A moça, provavelmente uma estudante, foi cercada e esfaqueada na altura do baço, sangrou rápido o bastante para morrer enquanto o Patriota espancava os dois meliantes que apenas com uma faca não puderam se defender, o vigilante largou o aparelho na poça de sangue e seguiu pela viela sem olhar para trás, ele nunca olhava para trás mas ninguém sabia o porquê, poucos ficam vivos para testemunhar suas ações, mas imagens não faltam para serem estampadas em jornais, revistas e em cartazes contra os vigilantes, todos criticam mas ninguém faz a diferença, nem mesmo ele pode fazer a diferença, mas ao menos ele tenta e isso já vale muito.

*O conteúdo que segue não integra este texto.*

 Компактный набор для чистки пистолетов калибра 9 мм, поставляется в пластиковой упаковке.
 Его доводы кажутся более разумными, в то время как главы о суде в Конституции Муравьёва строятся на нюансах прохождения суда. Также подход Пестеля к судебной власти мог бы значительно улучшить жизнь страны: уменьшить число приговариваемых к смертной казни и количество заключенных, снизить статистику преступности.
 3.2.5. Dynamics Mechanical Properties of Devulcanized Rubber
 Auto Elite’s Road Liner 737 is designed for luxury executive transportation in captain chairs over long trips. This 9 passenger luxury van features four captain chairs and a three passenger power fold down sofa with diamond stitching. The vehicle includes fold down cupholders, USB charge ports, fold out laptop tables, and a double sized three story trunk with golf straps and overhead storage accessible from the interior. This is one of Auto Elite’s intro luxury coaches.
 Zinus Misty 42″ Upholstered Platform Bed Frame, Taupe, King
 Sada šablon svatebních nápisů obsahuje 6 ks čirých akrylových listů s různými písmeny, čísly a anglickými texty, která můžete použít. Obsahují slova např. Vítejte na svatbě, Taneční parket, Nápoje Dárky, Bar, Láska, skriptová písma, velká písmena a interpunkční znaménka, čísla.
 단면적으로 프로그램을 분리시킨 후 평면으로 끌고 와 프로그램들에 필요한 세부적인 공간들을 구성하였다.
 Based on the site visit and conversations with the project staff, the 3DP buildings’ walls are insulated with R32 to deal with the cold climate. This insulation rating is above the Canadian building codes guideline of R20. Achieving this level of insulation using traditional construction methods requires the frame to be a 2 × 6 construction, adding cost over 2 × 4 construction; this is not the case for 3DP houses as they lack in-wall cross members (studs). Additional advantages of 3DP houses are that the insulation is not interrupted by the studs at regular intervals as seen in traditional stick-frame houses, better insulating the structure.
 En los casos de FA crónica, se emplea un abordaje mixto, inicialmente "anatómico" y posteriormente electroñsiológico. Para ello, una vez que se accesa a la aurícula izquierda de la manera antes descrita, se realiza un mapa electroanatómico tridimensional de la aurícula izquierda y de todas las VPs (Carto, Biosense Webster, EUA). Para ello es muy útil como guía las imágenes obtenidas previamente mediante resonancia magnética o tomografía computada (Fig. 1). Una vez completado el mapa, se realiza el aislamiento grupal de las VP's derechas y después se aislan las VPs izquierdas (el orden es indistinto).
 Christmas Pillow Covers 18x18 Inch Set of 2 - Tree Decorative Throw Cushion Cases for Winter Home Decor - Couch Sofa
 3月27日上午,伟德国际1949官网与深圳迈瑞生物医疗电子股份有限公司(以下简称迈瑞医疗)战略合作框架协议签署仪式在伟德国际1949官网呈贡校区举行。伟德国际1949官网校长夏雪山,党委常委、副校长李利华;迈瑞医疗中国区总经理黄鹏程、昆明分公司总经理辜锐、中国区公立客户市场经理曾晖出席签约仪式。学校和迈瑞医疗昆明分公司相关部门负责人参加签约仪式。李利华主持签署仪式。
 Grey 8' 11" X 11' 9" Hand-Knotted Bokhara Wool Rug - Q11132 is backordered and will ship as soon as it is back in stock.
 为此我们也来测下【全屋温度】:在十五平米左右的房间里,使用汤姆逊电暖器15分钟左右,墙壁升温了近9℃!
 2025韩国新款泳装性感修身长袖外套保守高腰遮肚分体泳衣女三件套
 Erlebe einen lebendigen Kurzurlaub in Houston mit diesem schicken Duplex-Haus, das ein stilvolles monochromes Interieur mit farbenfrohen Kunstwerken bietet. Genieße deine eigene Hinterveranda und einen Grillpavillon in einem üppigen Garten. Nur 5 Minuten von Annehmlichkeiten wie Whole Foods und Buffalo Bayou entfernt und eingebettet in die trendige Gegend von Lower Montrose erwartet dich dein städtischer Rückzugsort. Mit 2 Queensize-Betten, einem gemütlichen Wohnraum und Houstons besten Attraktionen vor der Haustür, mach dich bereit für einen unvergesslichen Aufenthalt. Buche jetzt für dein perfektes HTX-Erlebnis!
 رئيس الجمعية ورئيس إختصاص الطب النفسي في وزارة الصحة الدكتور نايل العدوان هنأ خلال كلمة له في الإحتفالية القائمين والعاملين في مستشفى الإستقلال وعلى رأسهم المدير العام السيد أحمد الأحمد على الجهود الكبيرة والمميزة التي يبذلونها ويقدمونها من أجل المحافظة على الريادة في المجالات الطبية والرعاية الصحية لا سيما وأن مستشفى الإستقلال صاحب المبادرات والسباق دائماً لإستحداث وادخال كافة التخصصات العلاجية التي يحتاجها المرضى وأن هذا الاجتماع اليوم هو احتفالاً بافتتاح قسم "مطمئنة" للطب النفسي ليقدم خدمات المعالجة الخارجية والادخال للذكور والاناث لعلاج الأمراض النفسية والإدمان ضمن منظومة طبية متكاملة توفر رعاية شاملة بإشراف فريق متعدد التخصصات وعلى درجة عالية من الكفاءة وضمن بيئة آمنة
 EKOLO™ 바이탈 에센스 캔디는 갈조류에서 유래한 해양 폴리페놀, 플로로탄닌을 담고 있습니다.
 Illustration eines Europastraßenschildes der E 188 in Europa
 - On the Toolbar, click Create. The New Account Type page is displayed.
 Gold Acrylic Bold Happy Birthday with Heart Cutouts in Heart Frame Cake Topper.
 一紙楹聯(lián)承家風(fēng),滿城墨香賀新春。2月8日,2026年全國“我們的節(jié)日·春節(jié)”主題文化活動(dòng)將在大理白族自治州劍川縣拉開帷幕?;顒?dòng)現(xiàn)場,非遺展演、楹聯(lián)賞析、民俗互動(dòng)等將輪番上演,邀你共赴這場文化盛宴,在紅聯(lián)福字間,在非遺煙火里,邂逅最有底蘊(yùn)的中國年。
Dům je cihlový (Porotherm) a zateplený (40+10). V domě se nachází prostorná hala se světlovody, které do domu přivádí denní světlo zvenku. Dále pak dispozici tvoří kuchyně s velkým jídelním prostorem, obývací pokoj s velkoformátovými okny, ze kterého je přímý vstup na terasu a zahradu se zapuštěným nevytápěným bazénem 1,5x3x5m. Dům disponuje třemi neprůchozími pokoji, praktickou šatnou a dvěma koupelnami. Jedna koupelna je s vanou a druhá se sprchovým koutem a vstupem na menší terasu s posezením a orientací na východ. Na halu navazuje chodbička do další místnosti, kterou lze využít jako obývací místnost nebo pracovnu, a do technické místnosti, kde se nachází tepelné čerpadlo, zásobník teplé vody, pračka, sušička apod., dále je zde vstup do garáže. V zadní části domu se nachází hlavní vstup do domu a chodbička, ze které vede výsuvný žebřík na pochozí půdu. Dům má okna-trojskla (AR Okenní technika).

A noite é calma, algumas poucas pessoas de bem se atrevem a passar pela região perigosa e essas atravessam a rua quando se deparam com o mascarado, fora isso alguns poucos drogados passeiam para lá e para cá desenrolando seus papelotes e sedentos para acender seus cachimbos, mas nem mesmo estes são o suficiente para levar uma surra do vigilante que ainda procura por peixes maiores, a noite seria longa assim como todas as outras, mas esta tinha uma gosto diferente, um gosto metálico de sangue e adocicado de injustiça pois a pergunta ainda pairava no ar: Quem matou o General?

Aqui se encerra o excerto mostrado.